◆ **WHAT IS BEING ASKED**
The records are to be copied from the line that contains "Absenčná karta A5" through their last line, word for word, with every picture left out.

◆ **EXTRACTED RECORDS**
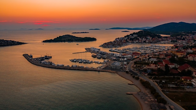 Het ligt gezellig beschut tegen felle zeewinden in een baai voor de twee eilanden Lukovnik en Logorun. Het oude centrum bestaat uit niet veel meer dan een schiereilandje met een heuvel en vlak daarvoor een klein eilandje dat verbonden is met het schiereilandje door een brugje.
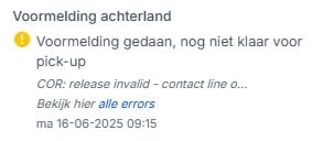 Via de de blauwe link ‘alle errors’ tonen we je meer detail informatie over de voormelding van je vervoerder bij de terminal. Het onderstaande beeld is een zeer uitgebreid voorbeeld en is niet representatief:
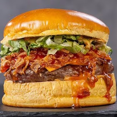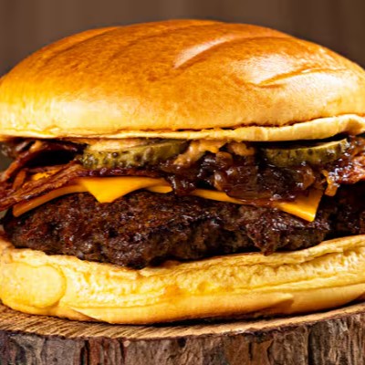 Nosso delicioso pão brioche, carne bovina (160g), cheddar melt, cebola caramelizada e duas fatias de bacon crocante.
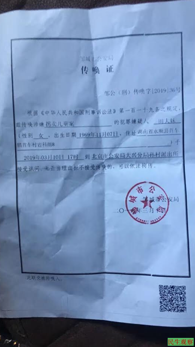 二、3月7日山东访民刘佳鑫被截访人员从北京暴力抓走,刘佳鑫7岁的儿子刘小辉被一人独自留在北京大兴。3月10日湖南爱心女士田大妹从网上看到去寻找到被遗弃的孩子,被山东警察围困在租住屋内,后被北京市公安局大兴分局孙村派出所以涉嫌拐卖儿童罪传唤至该派出所长达19个小时,期间被坐老虎凳、戴脚铐手铐不给饭吃,不让睡觉,田大妹被折磨得死去活来,在派出所被逼自杀,被警察拦住。3月11日,爱心人士唐新波也因救助刘小辉被强行带到长阳派出所传唤两三个小时,释放后被警方驱逐,不准其在北京租住的房屋内居住,唐新波现有家不能回被迫在外流浪。
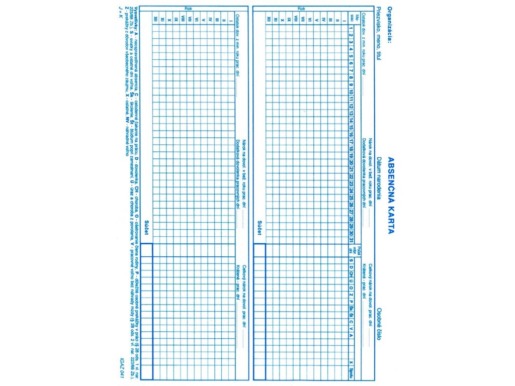 Absenčná karta A5
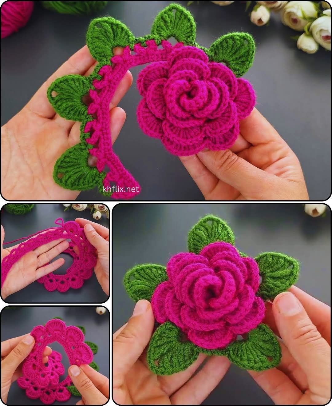 The beauty of crocheting a 3D rose flower lies in its versatility. You can use these flowers in various projects, from fashion accessories to home decor, giving your items a personalized, handmade touch.

◆ **ANSWER SPACE**
 Absenčná karta A5
 The beauty of crocheting a 3D rose flower lies in its versatility. You can use these flowers in various projects, from fashion accessories to home decor, giving your items a personalized, handmade touch.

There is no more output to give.